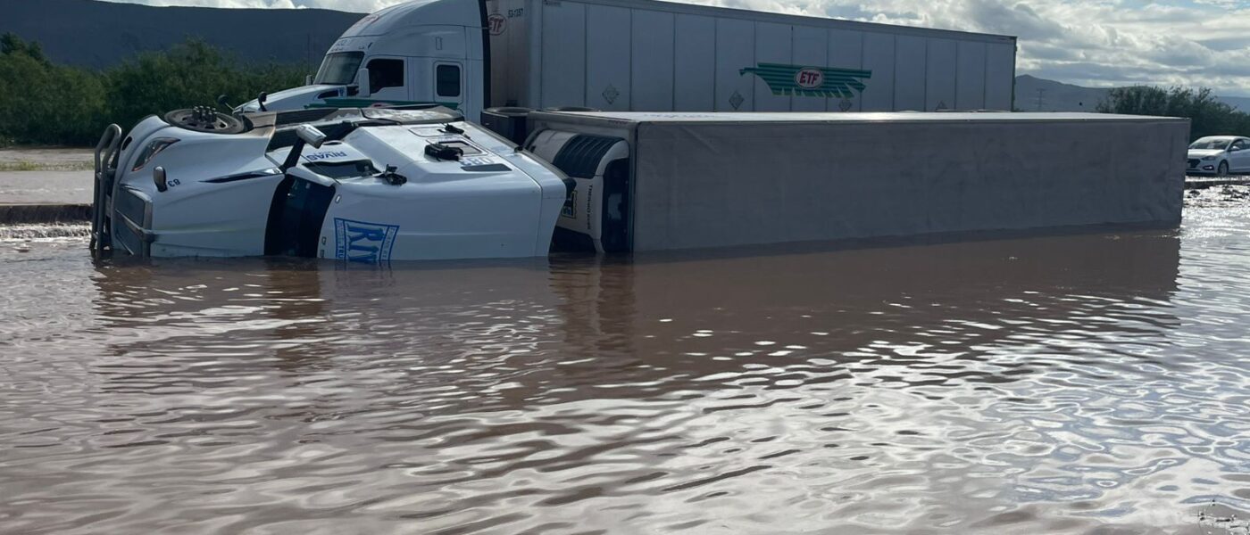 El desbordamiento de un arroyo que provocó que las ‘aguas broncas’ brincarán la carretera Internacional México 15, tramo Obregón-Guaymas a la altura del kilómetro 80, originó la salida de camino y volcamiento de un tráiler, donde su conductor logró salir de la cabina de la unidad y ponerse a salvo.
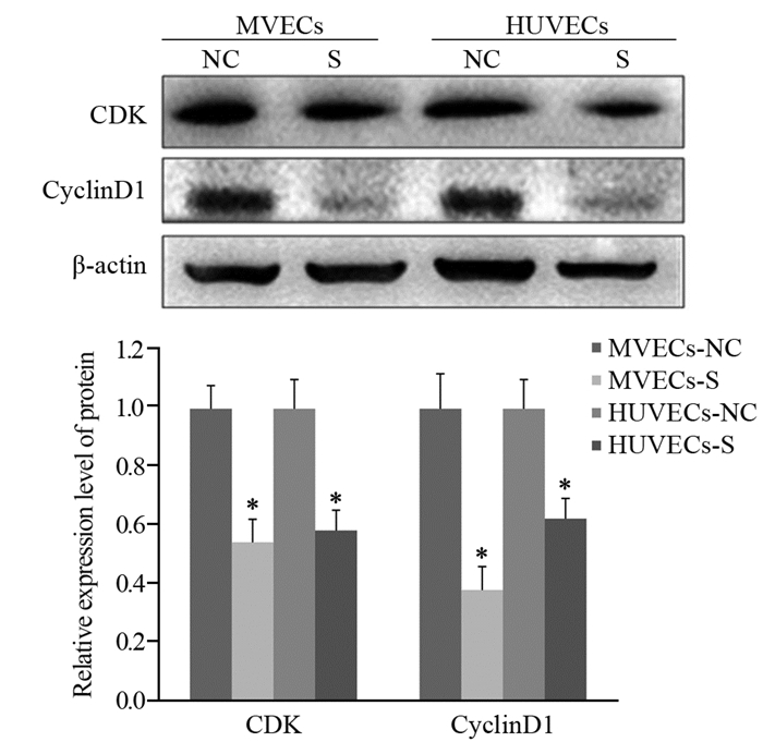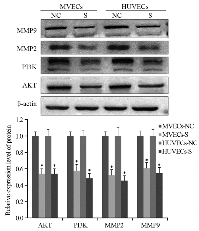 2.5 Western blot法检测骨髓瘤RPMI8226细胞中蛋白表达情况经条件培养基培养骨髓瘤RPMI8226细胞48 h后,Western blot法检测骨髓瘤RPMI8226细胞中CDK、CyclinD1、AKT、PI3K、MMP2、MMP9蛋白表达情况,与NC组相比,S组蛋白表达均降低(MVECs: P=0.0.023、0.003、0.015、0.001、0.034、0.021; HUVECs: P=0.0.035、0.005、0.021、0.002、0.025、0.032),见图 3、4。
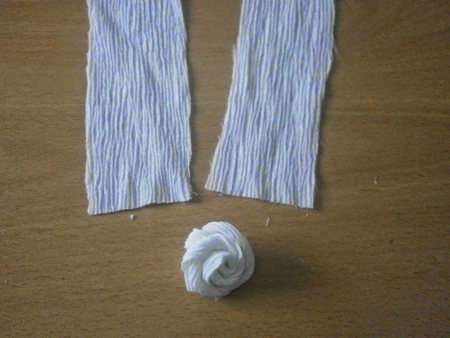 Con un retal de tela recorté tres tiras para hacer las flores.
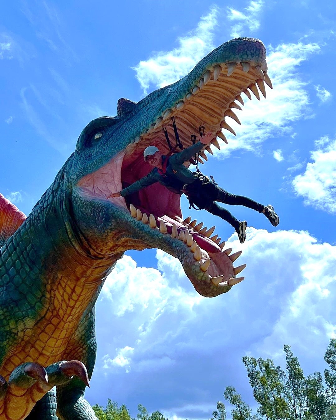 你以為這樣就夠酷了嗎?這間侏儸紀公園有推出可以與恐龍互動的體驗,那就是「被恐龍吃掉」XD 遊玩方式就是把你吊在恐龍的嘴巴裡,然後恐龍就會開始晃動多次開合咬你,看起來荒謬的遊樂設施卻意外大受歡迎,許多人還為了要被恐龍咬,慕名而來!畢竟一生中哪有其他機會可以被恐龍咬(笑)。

WORK INSTRUCTION - Your reply must match the data above line for line, except that it holds no pictures.

SOLVED EXERCISE -
 El desbordamiento de un arroyo que provocó que las ‘aguas broncas’ brincarán la carretera Internacional México 15, tramo Obregón-Guaymas a la altura del kilómetro 80, originó la salida de camino y volcamiento de un tráiler, donde su conductor logró salir de la cabina de la unidad y ponerse a salvo.
 2.5 Western blot法检测骨髓瘤RPMI8226细胞中蛋白表达情况经条件培养基培养骨髓瘤RPMI8226细胞48 h后,Western blot法检测骨髓瘤RPMI8226细胞中CDK、CyclinD1、AKT、PI3K、MMP2、MMP9蛋白表达情况,与NC组相比,S组蛋白表达均降低(MVECs: P=0.0.023、0.003、0.015、0.001、0.034、0.021; HUVECs: P=0.0.035、0.005、0.021、0.002、0.025、0.032),见图 3、4。
 Con un retal de tela recorté tres tiras para hacer las flores.
 你以為這樣就夠酷了嗎?這間侏儸紀公園有推出可以與恐龍互動的體驗,那就是「被恐龍吃掉」XD 遊玩方式就是把你吊在恐龍的嘴巴裡,然後恐龍就會開始晃動多次開合咬你,看起來荒謬的遊樂設施卻意外大受歡迎,許多人還為了要被恐龍咬,慕名而來!畢竟一生中哪有其他機會可以被恐龍咬(笑)。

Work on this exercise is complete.